> Task statement
Since pictures are not wanted in the copy, output only the rest of each record exactly.

== Given data

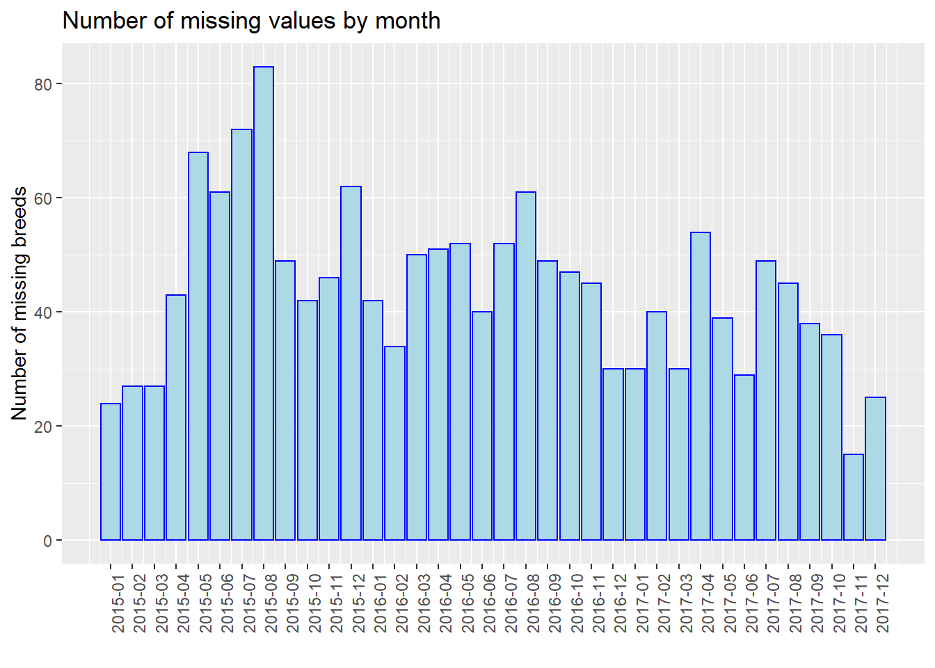 For further analysis, we process our data and show the number of missing values by month, e.g., 2015-01, 2015-02. Note that we use the entire dataset instead of our 40 samples in this part for better discussion. We use three plots to show the situations of “Age”, “Breed”, and “ZipCode” separately. We could see that from 2015 to 2017, the number of missing values gradually decreased in total (especially for “Breed”). In addition, the plot has the periodicity, and the number of missing values increases in summer of each year. However, we are not sure whether this is due to the optimization of management and particularity of summer, or because the data quantity. Thus, we show the proportion of missing values by month then.
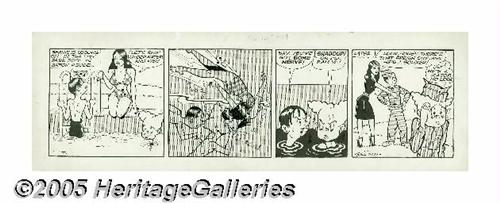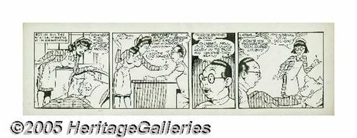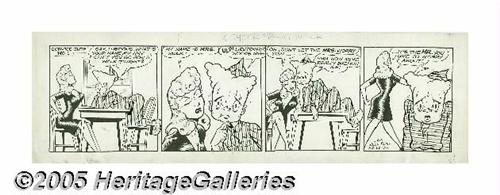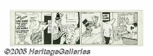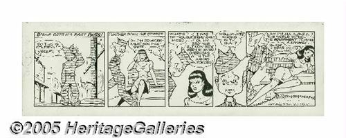 <B>Gill Fox - Bernie Blood Daily Comic Strips Original Art, Group of 5 (Stars and Stripes, undated, circa 1940s).</B></I> Private Gill Fox (later promoted to Corporal!), H.Q. 63rd Division, drew these babe-filled dalies for <B>Stars and Stripes</B></I>, featuring the misadventures of bumbling private Bernie Blood. Maybe the reason that some curvy gal appears in every strip is that Fox was exceptionally good at drawing them, and maybe it was because the G.I.s demanded it, but either way, the real benefactor is the winner of this lot, who will be the proud owner of some of the best good-girl art ever produced. The image area on the strips measures 21" x 6", and the art is in Very Good condition, with moderate aging and some creasing at the corners. A cornucopia of good-girl art, yours for the taking! <I>From the collection of Gill Fox.</B></I>
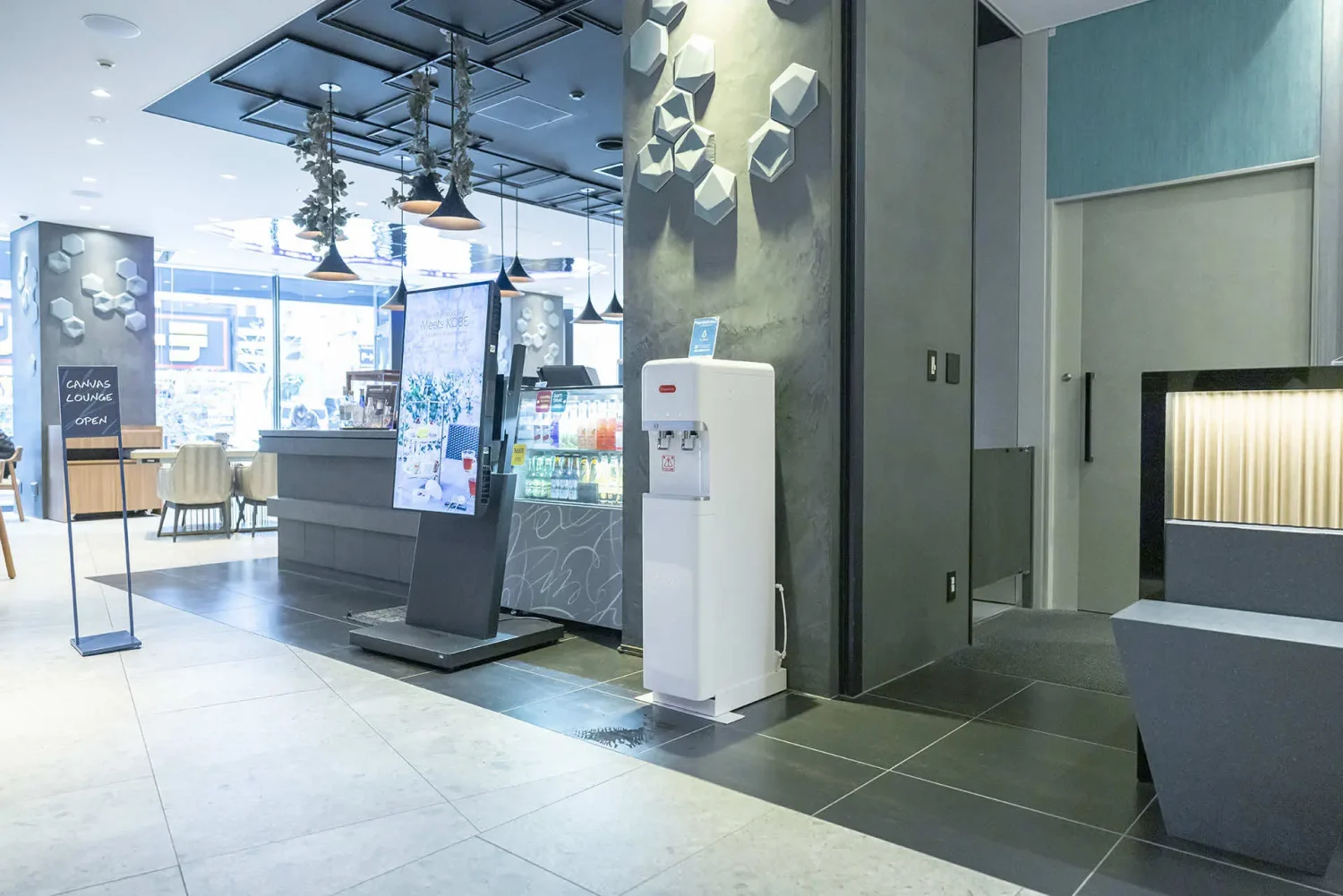 「以前はペットボトルの水を提供していましたが、消費本数が、全店舗でなんとひと月に約6,000本。ウォーターサーバーを設置して、マイボトル制に切り替えることで、環境負荷を減らそうという目的がありました」
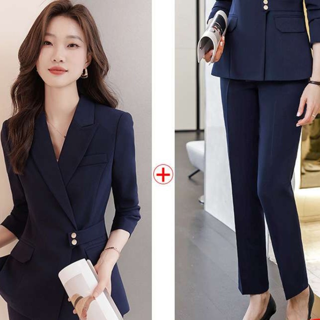 ネイビーコーデにぴったりなセットアップ、ウエストの二つボタンが知的な印象を際立たせるデザイン。やや長めの着丈が足長効果をもたらし、スタイリッシュなシルエットを実現。通勤やフォーマルシーンまで幅広く活用できるため、毎日のスタイリングに役立つ一着。ネイビーの深みが魅力を引き立て、洗練された印象を与えます。
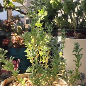 名前忘れたけど豆科の観葉植物に黄色いお花が咲きました🌼
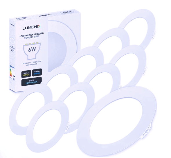 10x Panel Plafon Sufitowy LED Podtynkowy Okrągły 6W 540lm nie mruga CCD SLIM
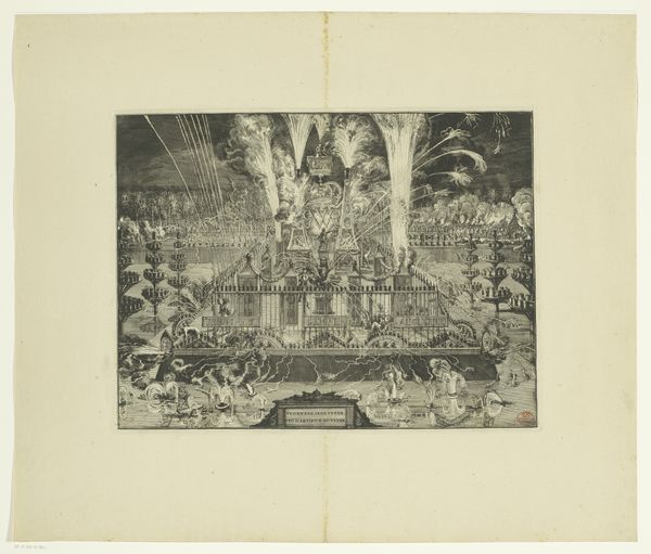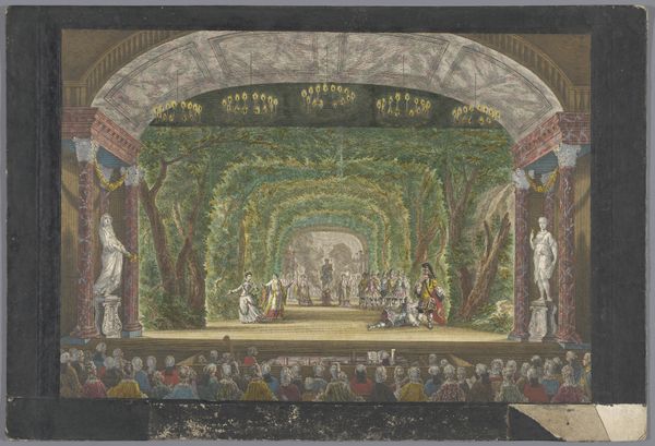 Curator: Ivan Bilibin, a key figure in the Russian Avant-Garde movement, created this watercolor and ink drawing titled "Chernomor's Gardens. Sketches of scenery for Mikhail Glinka's Ruslan and Ludmilla" in 1913. The artwork reflects a convergence of Art Nouveau and Orientalist styles. Editor: Wow, this gives off serious fairytale vibes! It's dreamy, theatrical…like a stage set waiting for the actors to appear. That archway framing the waterfall is pure magic. Curator: Precisely. Bilibin designed this as a set piece for Glinka’s opera based on Pushkin’s poem. He merges Russian folklore with elements drawn from Asian art traditions, particularly evident in the detailed foliage and architectural motifs. It is interesting to observe, as well, the lack of visible labor—no gardeners tend to this fantastic world. Editor: The colour palette feels unusual too – that muted green is offset by the almost artificial looking blue, creates this wonderful otherworldly atmosphere, don’t you think? Like we're peering into a dream. There's a loneliness about the scene as well; you want to walk right into the painting and give some company to that golden statue! Curator: Yes, I concur on all accounts. The combination of cool blues and verdant greens further enhances the sense of an enchanted space, set apart from reality, and emphasizes the artwork’s link with Russian folk stories, such as powerful enchanters’ realms and the presence of supernatural beings. The idealized vision removes lived-in, unmanicured textures, which gives us pause when interpreting it within its own social and temporal landscape. Editor: You know, it makes me wonder about Bilibin himself. What kind of headspace do you have to be in to imagine places like this? There’s almost a melancholic longing within those carefully drawn lines, wouldn't you say? Curator: Absolutely. Seen in context, we could argue that "Chernomor's Gardens" encapsulates a yearning for an idyllic escape, away from pre-revolution tensions—although, Bilibin seems conflicted when situating figures, class, or culture into this fantasy. The stage, whether physical or emotional, may also provide avenues of escape and expression otherwise not permitted. Editor: That really gets you thinking, doesn't it? It seems Bilibin’s created a secret door we've been invited to peek into. I can almost hear the music... Curator: Indeed. I am struck once more by how artistic creations contain the power to evoke such diverse narratives and inquiries, from personal fantasy to cultural critique.
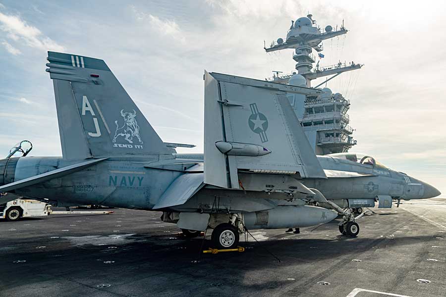 - 01:20 ~ US Navy F/A-18 Super Hornets fly past the USS Gerald R. Ford
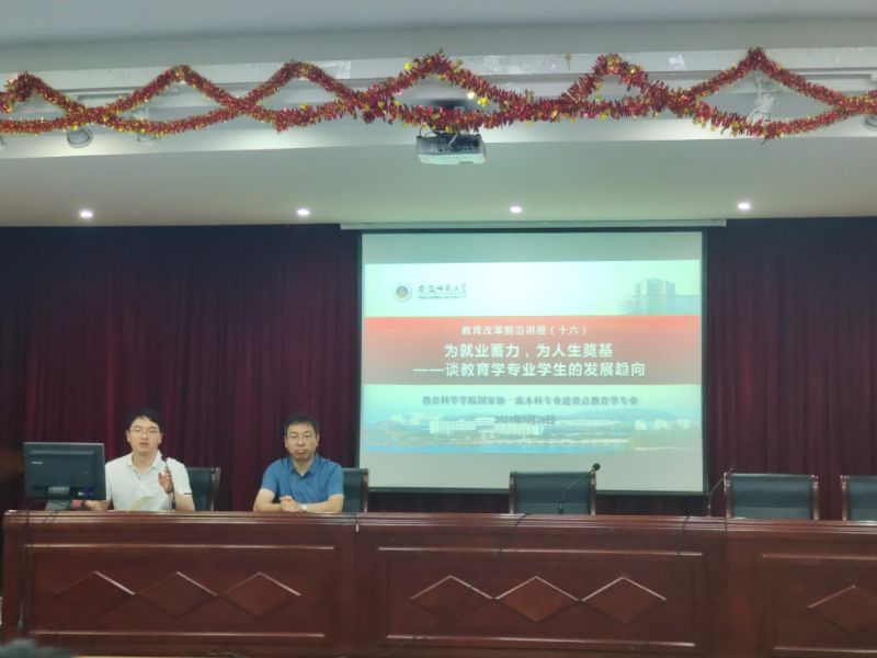 在第十六场《教育改革前沿讲座》中,李广海老师以《为就业蓄力,为人生奠基——谈教育学专业学生的发展趋向》为主题进行汇报。他首先指出教育专业中男女比例失调的问题,他以自身的求学经历为基础,认为此现象与教师的社会地位与收入有关,他提出要改变此现象,首先要提高教师收入,增加教师行业的吸引力。接着,他介绍了教师面对的挑战。第一,教师培养内卷化,如今出生率低下导致教师需求量减少,而培养的教师数量一直增加,使教师行业竞争愈加激烈。第二,教育数字化转型,科技的发展需要教师有现代技术使用能力,并以其辅助教学,使教育的形式多样化。第三,教师需要有教学与科研能力,如今倡导培养科研反思型教师,从日常教学中发现新的研究问题,以教学反哺科研。随后,他提出教育学学生应多读书,读好书。适当看文学作品,多阅读经典著作,提升自己的专业能力与文化涵养。最后,他简要介绍了广西师范大学的环境与学术氛围,期待同学们报考广西师范大学研究生。
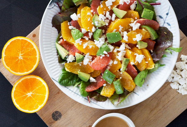 OPSKRIFT – Appelsin/grape salat med avocado og feta (2-4 pers.):

====

> The answer
 For further analysis, we process our data and show the number of missing values by month, e.g., 2015-01, 2015-02. Note that we use the entire dataset instead of our 40 samples in this part for better discussion. We use three plots to show the situations of “Age”, “Breed”, and “ZipCode” separately. We could see that from 2015 to 2017, the number of missing values gradually decreased in total (especially for “Breed”). In addition, the plot has the periodicity, and the number of missing values increases in summer of each year. However, we are not sure whether this is due to the optimization of management and particularity of summer, or because the data quantity. Thus, we show the proportion of missing values by month then.
 <B>Gill Fox - Bernie Blood Daily Comic Strips Original Art, Group of 5 (Stars and Stripes, undated, circa 1940s).</B></I> Private Gill Fox (later promoted to Corporal!), H.Q. 63rd Division, drew these babe-filled dalies for <B>Stars and Stripes</B></I>, featuring the misadventures of bumbling private Bernie Blood. Maybe the reason that some curvy gal appears in every strip is that Fox was exceptionally good at drawing them, and maybe it was because the G.I.s demanded it, but either way, the real benefactor is the winner of this lot, who will be the proud owner of some of the best good-girl art ever produced. The image area on the strips measures 21" x 6", and the art is in Very Good condition, with moderate aging and some creasing at the corners. A cornucopia of good-girl art, yours for the taking! <I>From the collection of Gill Fox.</B></I>
 「以前はペットボトルの水を提供していましたが、消費本数が、全店舗でなんとひと月に約6,000本。ウォーターサーバーを設置して、マイボトル制に切り替えることで、環境負荷を減らそうという目的がありました」
 ネイビーコーデにぴったりなセットアップ、ウエストの二つボタンが知的な印象を際立たせるデザイン。やや長めの着丈が足長効果をもたらし、スタイリッシュなシルエットを実現。通勤やフォーマルシーンまで幅広く活用できるため、毎日のスタイリングに役立つ一着。ネイビーの深みが魅力を引き立て、洗練された印象を与えます。
 名前忘れたけど豆科の観葉植物に黄色いお花が咲きました🌼
 10x Panel Plafon Sufitowy LED Podtynkowy Okrągły 6W 540lm nie mruga CCD SLIM
 Curator: Ivan Bilibin, a key figure in the Russian Avant-Garde movement, created this watercolor and ink drawing titled "Chernomor's Gardens. Sketches of scenery for Mikhail Glinka's Ruslan and Ludmilla" in 1913. The artwork reflects a convergence of Art Nouveau and Orientalist styles. Editor: Wow, this gives off serious fairytale vibes! It's dreamy, theatrical…like a stage set waiting for the actors to appear. That archway framing the waterfall is pure magic. Curator: Precisely. Bilibin designed this as a set piece for Glinka’s opera based on Pushkin’s poem. He merges Russian folklore with elements drawn from Asian art traditions, particularly evident in the detailed foliage and architectural motifs. It is interesting to observe, as well, the lack of visible labor—no gardeners tend to this fantastic world. Editor: The colour palette feels unusual too – that muted green is offset by the almost artificial looking blue, creates this wonderful otherworldly atmosphere, don’t you think? Like we're peering into a dream. There's a loneliness about the scene as well; you want to walk right into the painting and give some company to that golden statue! Curator: Yes, I concur on all accounts. The combination of cool blues and verdant greens further enhances the sense of an enchanted space, set apart from reality, and emphasizes the artwork’s link with Russian folk stories, such as powerful enchanters’ realms and the presence of supernatural beings. The idealized vision removes lived-in, unmanicured textures, which gives us pause when interpreting it within its own social and temporal landscape. Editor: You know, it makes me wonder about Bilibin himself. What kind of headspace do you have to be in to imagine places like this? There’s almost a melancholic longing within those carefully drawn lines, wouldn't you say? Curator: Absolutely. Seen in context, we could argue that "Chernomor's Gardens" encapsulates a yearning for an idyllic escape, away from pre-revolution tensions—although, Bilibin seems conflicted when situating figures, class, or culture into this fantasy. The stage, whether physical or emotional, may also provide avenues of escape and expression otherwise not permitted. Editor: That really gets you thinking, doesn't it? It seems Bilibin’s created a secret door we've been invited to peek into. I can almost hear the music... Curator: Indeed. I am struck once more by how artistic creations contain the power to evoke such diverse narratives and inquiries, from personal fantasy to cultural critique.
 - 01:20 ~ US Navy F/A-18 Super Hornets fly past the USS Gerald R. Ford
 在第十六场《教育改革前沿讲座》中,李广海老师以《为就业蓄力,为人生奠基——谈教育学专业学生的发展趋向》为主题进行汇报。他首先指出教育专业中男女比例失调的问题,他以自身的求学经历为基础,认为此现象与教师的社会地位与收入有关,他提出要改变此现象,首先要提高教师收入,增加教师行业的吸引力。接着,他介绍了教师面对的挑战。第一,教师培养内卷化,如今出生率低下导致教师需求量减少,而培养的教师数量一直增加,使教师行业竞争愈加激烈。第二,教育数字化转型,科技的发展需要教师有现代技术使用能力,并以其辅助教学,使教育的形式多样化。第三,教师需要有教学与科研能力,如今倡导培养科研反思型教师,从日常教学中发现新的研究问题,以教学反哺科研。随后,他提出教育学学生应多读书,读好书。适当看文学作品,多阅读经典著作,提升自己的专业能力与文化涵养。最后,他简要介绍了广西师范大学的环境与学术氛围,期待同学们报考广西师范大学研究生。
 OPSKRIFT – Appelsin/grape salat med avocado og feta (2-4 pers.):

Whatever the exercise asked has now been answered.